Reputation: 25
I have an HR dataframe containing info related to employees in an organization, e.g., salary, department, ID, etc.
What I am trying to do is to replace the outliers (USD>200000) in the column "Salary_2018" for the "Sales" department with the mean of the column itself.
This is for a professional course I am following and I am given both the dataframe AND the code, which is:
library(readxl)
df<-read_excel("C:\\Media Mean Mode.xlsx")
df1<-df[df$department=="Sales",]
df2 = df1
df2[df2$salary_2018<200000,]<-mean(df2$salary_2018)
In the video I am studying on, the instructor uses the very same dataframe with the very same code, and it works.
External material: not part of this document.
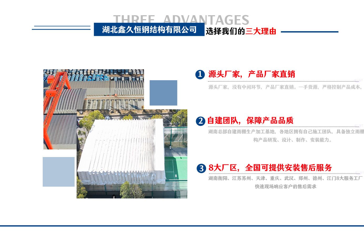 湖北鑫久恒鋼結(jié)構(gòu)有限公司是一家電動(dòng)雨棚、膜結(jié)構(gòu)車棚研發(fā),生產(chǎn)銷售,施工安裝于一體的專業(yè)鋼結(jié)構(gòu)科技公司,主要產(chǎn)品有伸縮雨棚,電動(dòng)雨棚,膜結(jié)構(gòu)車棚等。 湖南地區(qū)職員目前有80多人,占地面積20000平方米,廠房面積15600平方米,配備先進(jìn)的生產(chǎn)流水線,使每件品質(zhì)產(chǎn)品的堅(jiān)實(shí)基礎(chǔ)。 公司在蘇州、天津、重慶、武漢、德州、烏魯木齊、江門均設(shè)有服務(wù)工廠,總?cè)藛T共300多人,擁有專業(yè)的技術(shù)團(tuán)隊(duì),配備先進(jìn)的設(shè)備和流水線生產(chǎn),產(chǎn)能高,貨源充足,發(fā)貨速度快,服務(wù)區(qū)域廣。 移動(dòng)伸縮棚適用于通道臨時(shí)倉儲(chǔ)、戶外運(yùn)動(dòng)遮陽、污水池遮蓋、能源交通、熱力化工、礦山、船舶制造及市政建設(shè)、物流、碼頭等領(lǐng)域的構(gòu)件制作加工,成品半成品存放、倉庫、野外儀器設(shè)備操作用房等。尤其是對工廠發(fā)貨、倉儲(chǔ)臨時(shí)遮雨防嗮,梅雨期較長、建設(shè)周期較短的工程施工等特別適用。還可根據(jù)用戶需求量身定制、適合企業(yè)所需不同款式的產(chǎn)品。 我公司堅(jiān)持“誠信社會(huì)為本,客戶滿意為榮”的經(jīng)營理念,做到質(zhì)量把控,嚴(yán)格管理,精益求精,恪守承諾。使鑫久恒逐步走向成熟,其系統(tǒng)化、專業(yè)化日趨完善。以專業(yè)的技術(shù)、科學(xué)的管理,更高的產(chǎn)品質(zhì)量,優(yōu)良的企業(yè)信譽(yù),真誠的客戶服務(wù),靈活多樣的經(jīng)營方式和務(wù)實(shí)創(chuàng)新的企業(yè)精神愿與社會(huì)各界攜手合作,為推動(dòng)智能鋼結(jié)構(gòu)建筑事業(yè)的發(fā)展而不斷努力。...

However, when I try the same exact thing, I receive the following error as a result:
Errore: Assigned data `mean(df2$salary_2018)` must be compatible with existing data.
i Error occurred for column `department`.
x Can't convert <double> to <character>.
I would understand the error if I were trying to replace the information in the "department" column, as the data type is "character".
But considering that I am working on "salary_2018", which is "double", why does the error refer to "department"?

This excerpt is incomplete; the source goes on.